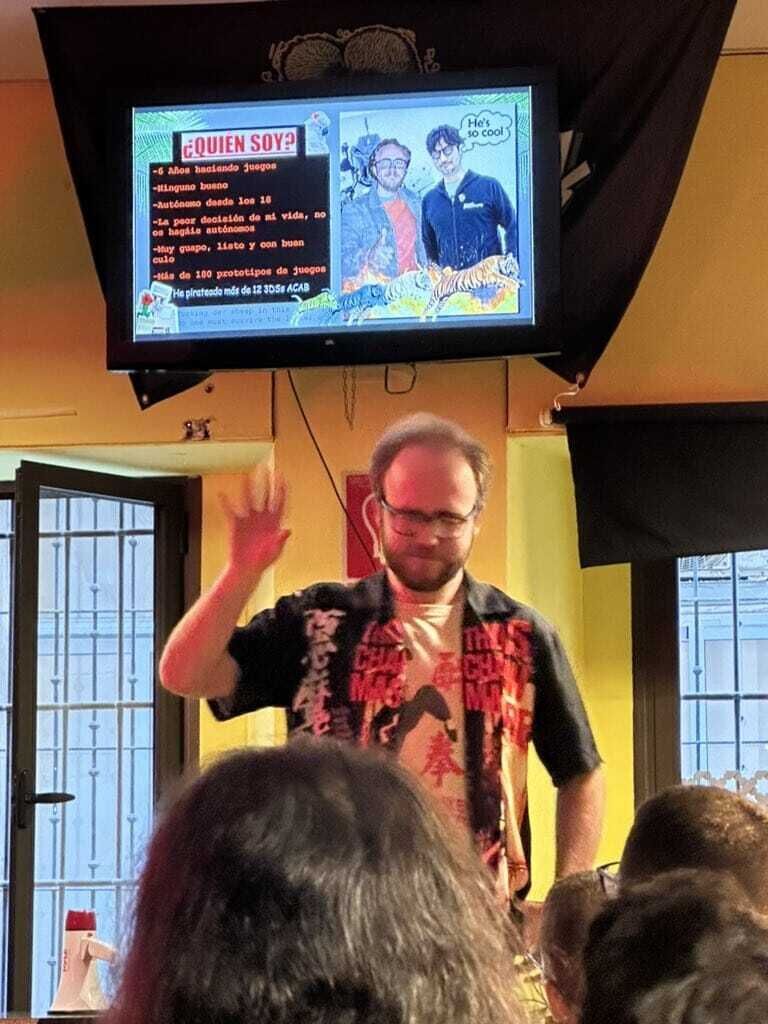Hasta primavera del año siguiente estuvo trabajando en el juego y lo publicó en Itch.io y entonces participó en su primera game jam dentro de Granada jam "y ahí conocí desarrolladores en plan tener una conversación de más de 5 minutos. Está feo confesarlo, pero yo pensaba que la generación anterior quería ser estrella de rock y la evolución lógica era que en nuestra generación el equivalente a estrella de rock era desarrollador de videojuegos. Ahora lo veo y pienso que ojalá fuera así, pero de pequeño tenía esa certeza, para mí Hideo Kojima era Freddy Mercury", afirma. En aquella primera jam participó con más gente, entre ellos el programador Alessandro Cominu, con el que mantiene una buena relación.
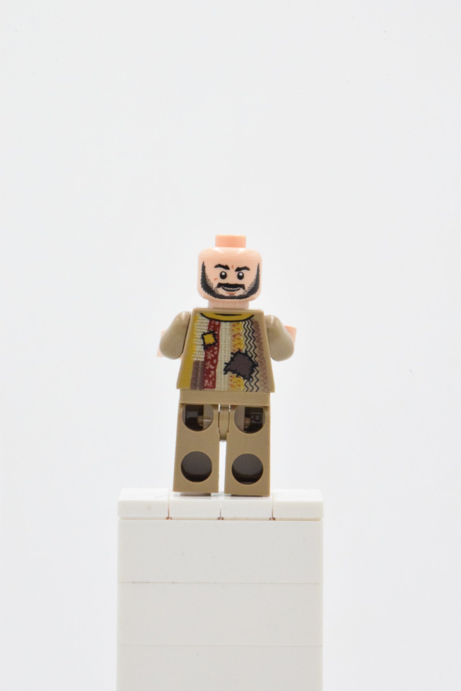 La figurine est dotée d’un torse richement imprimé avec une tunique beige et un gilet marron décoré de motifs orientaux. Ses jambes présentent des détails de tissus plissés, évoquant la mode des marchés et des dunes du désert. Sa tête affiche un visage souriant avec une moustache distinctive et un air malicieux, fidèle au personnage dans le film. Il porte une coiffe moulée unique, un turban noir et beige qui accentue son allure exotique et son rang de marchand astucieux. En accessoire, Sheik Amar est souvent associé à des animaux comme des chameaux ou des fouets dans les sets, renforçant son rôle de marchand au cœur de l’intrigue.
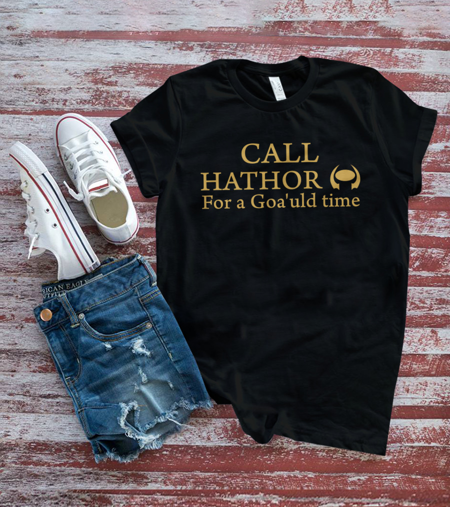 The Suanne Braun Call Hathor For a Goa'uld Time Shirt offers a regular fit. Made from 100% ring-spun cotton that is pre-shrunk to help maintain size and shape after washing. Features reinforced construction details for durability. Available in U.S. standard sizes S-5XL to accommodate various body types.

Task details - Set down all of the material word for word, but keep each picture out.

Answer to the exercise -
Hasta primavera del año siguiente estuvo trabajando en el juego y lo publicó en Itch.io y entonces participó en su primera game jam dentro de Granada jam "y ahí conocí desarrolladores en plan tener una conversación de más de 5 minutos. Está feo confesarlo, pero yo pensaba que la generación anterior quería ser estrella de rock y la evolución lógica era que en nuestra generación el equivalente a estrella de rock era desarrollador de videojuegos. Ahora lo veo y pienso que ojalá fuera así, pero de pequeño tenía esa certeza, para mí Hideo Kojima era Freddy Mercury", afirma. En aquella primera jam participó con más gente, entre ellos el programador Alessandro Cominu, con el que mantiene una buena relación.
 La figurine est dotée d’un torse richement imprimé avec une tunique beige et un gilet marron décoré de motifs orientaux. Ses jambes présentent des détails de tissus plissés, évoquant la mode des marchés et des dunes du désert. Sa tête affiche un visage souriant avec une moustache distinctive et un air malicieux, fidèle au personnage dans le film. Il porte une coiffe moulée unique, un turban noir et beige qui accentue son allure exotique et son rang de marchand astucieux. En accessoire, Sheik Amar est souvent associé à des animaux comme des chameaux ou des fouets dans les sets, renforçant son rôle de marchand au cœur de l’intrigue.
 The Suanne Braun Call Hathor For a Goa'uld Time Shirt offers a regular fit. Made from 100% ring-spun cotton that is pre-shrunk to help maintain size and shape after washing. Features reinforced construction details for durability. Available in U.S. standard sizes S-5XL to accommodate various body types.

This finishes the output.